Continuous Batching:
- The Problem (Static Batching): Inefficiently handles real-world traffic where requests arrive at different times and have different lengths. It leads to significant GPU idle time as the system waits for batches to fill or for the longest sequence in a batch to finish.
- The Solution: The server operates on a fine-grained, iteration-level schedule. After every single token generation step, the scheduler checks for any sequences that have completed, removes them from the batch, and immediately fills the freed-up slots with new requests from a waiting queue. This ensures the GPU is always operating at maximum capacity, dramatically increasing overall throughput.
PagedAttention (vLLM):
- The Problem (Memory Fragmentation): The KV cache creates massive memory waste. Allocating a contiguous block of memory for the maximum possible context length for every request leads to:
  - Internal Fragmentation: Most sequences are shorter than the max, leaving the allocated block mostly empty.
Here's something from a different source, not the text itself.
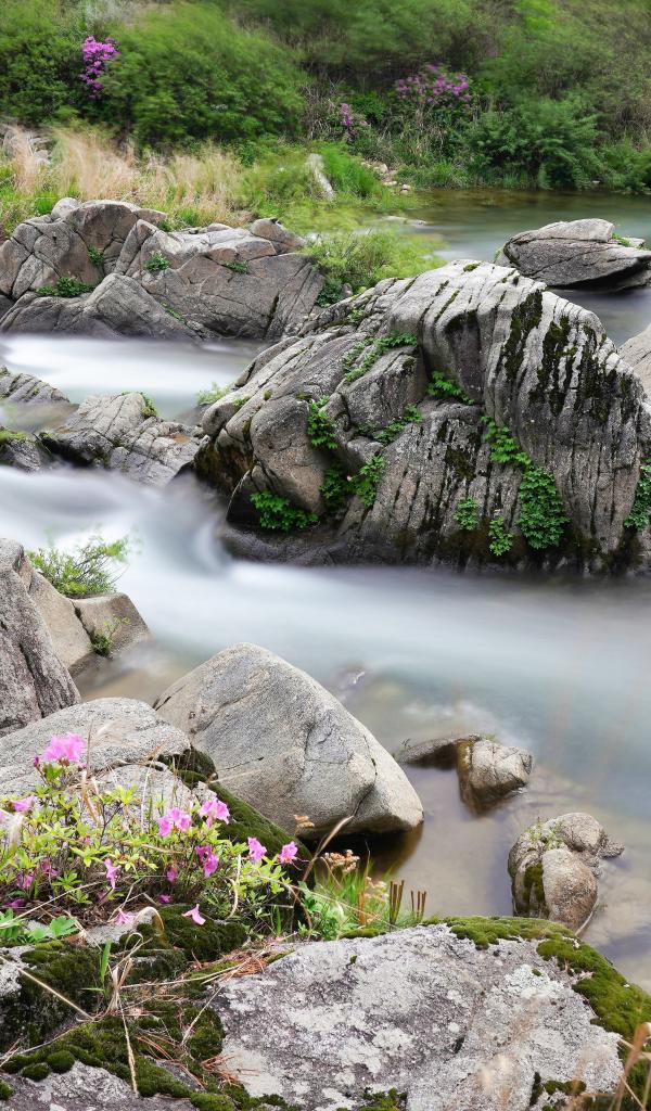 Wallpaper Mountain stream flows down the stones into the river

  - External Fragmentation: The memory space becomes a patchwork of used and free blocks, making it hard to find a contiguous slot for a new request.
- The Solution: Inspired by virtual memory and paging from operating systems, PagedAttention divides the entire KV cache space into small, fixed-size blocks ("pages"). A sequence's KV cache is no longer a single contiguous block but a collection of pages scattered across physical memory. A "page table" maps the logical token positions of a sequence to their physical page locations.
- The Killer Feature (Sharing): Paging enables efficient, zero-copy memory sharing. If multiple requests share a common prefix (e.g., the same long system prompt or the same initial turns in a conversation), their logical page tables can all point to the same physical pages in memory. This avoids redundant computation and saves enormous amounts of memory, boosting system throughput significantly. When a sequence needs to generate a new token that diverges, a copy-on-write mechanism is used.